Elyra and the Knight of Light.
He was everything I was not. Tall, radiant, his silver armor gleaming even in the trench's gloom. He held Elyra's hand, his grip possessive. She was not crying. She was smiling, a soft, secret smile of triumph. She looked at me, at the thing being broken in the mud, and her eyes held no pity. Only a cold, calculating satisfaction.
The Knight of Light leaned down and whispered something in her ear. She laughed, a sound like bells, a sound I once loved more than anything. It was the sound of my heart breaking all over again.
The violation in the trench merged with the betrayal in the great hall. The pain in my body became one with the pain in my soul. I was being raped by my brother, shamed by my father, and forgotten by the woman I loved, all at the same time. The emotions I had suppressed—the grief, the rage, the betrayal—came roaring back, not as a cold fire, but as a supernova of pure, unadulterated agony.
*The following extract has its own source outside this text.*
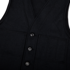 Our Mackinaw Wool Vest provides warmth with excellent breathability. even when wet. Worn over a flannel shirt or under a raincoat or wool jacket. it adds that extra bit of warmth for comfort in the cold. Mackinaw is our iconic wool that’s provided protection from cold and wet conditions for over a century. Manufactured with an uncommonly tight weave. our signature excels at blocking the wind and withstands hard use for decades. This vest’s design works just as well indoors. whether drawing up plans for your next big project or working in a chilly warehouse. The V-shaped neckline adds no bulk around the neck. so there’s still plenty of breathing room for a heavy shirt and a rain shell zipped chin-high. The front features open and slotted chest pockets plus side-entry hand pockets.

I tried to scream their names. "Lior! Father! Elyra!" But the words were twisted, distorted by the mud and the pain.
The Knight of Light stepped forward, pushing Lior aside. He knelt, his radiant face inches from mine. He smelled of sunshine and lies.
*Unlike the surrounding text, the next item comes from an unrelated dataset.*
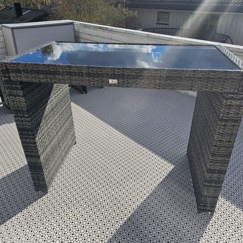Hagebord sofabord i kunstrotting med glassplate i grå farge. Bordet er kvadratisk og har en bordplate i herdet glass som ligger oppå en ramme trukket med flettet kunstrotting. Passer som lavt bord til lounge- eller sofagruppe på terrasse, balkong eller i hage. Bordet står på små ben/føtter som løfter det lett fra underlaget.
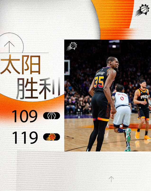 NBA常规赛焦点战,太阳队回到主场迎战奇才队。比赛中,太阳队首节便建立两位数领先,并在上半场结束前扩大到15分。下半场,奇才队一度缩小分差至4分,并在末节连续追分。但太阳队三巨头稳定局势,最终在主场以119-109击败奇才队。

"This is what happens to those who are weak," he said, his voice a gentle, cutting whisper.
"This is what happens when you love something you were never meant to have."
He looked up at Elyra, who was now stroking Lior's hair. "He was always the spare," she said, her voice filled with a final, chilling dismissal.
"Always the soft one."
The Knight of Light looked back at me. And then, he kissed me. It was not a kiss of affection. It was a kiss of conquest, a seal of ownership, as violating as the men who were still holding me down. His lips were cold, and they tasted of ash.
I screamed.
It was not a silent, internal scream. It was a real, raw, guttural shriek of pure, undiluted horror that tore from the depths of my soul.
I woke up.
My own scream was echoing in the small, dark room of the infirmary. I was drenched in cold sweat, my body trembling uncontrollably. The physical pain from my wounds was there, but it was dwarfed by the phantom agony of the dream. The betrayal felt as real as the broken bones. The shame was a fire in my blood.
The woman was standing over me, her arms crossed, a look of grim satisfaction on her face. Moloch was there too, leaning against the wall, his burned face a mask of cruel amusement. They had watched me. They had listened.
"Good," the woman said, her voice flat. "The fever broke."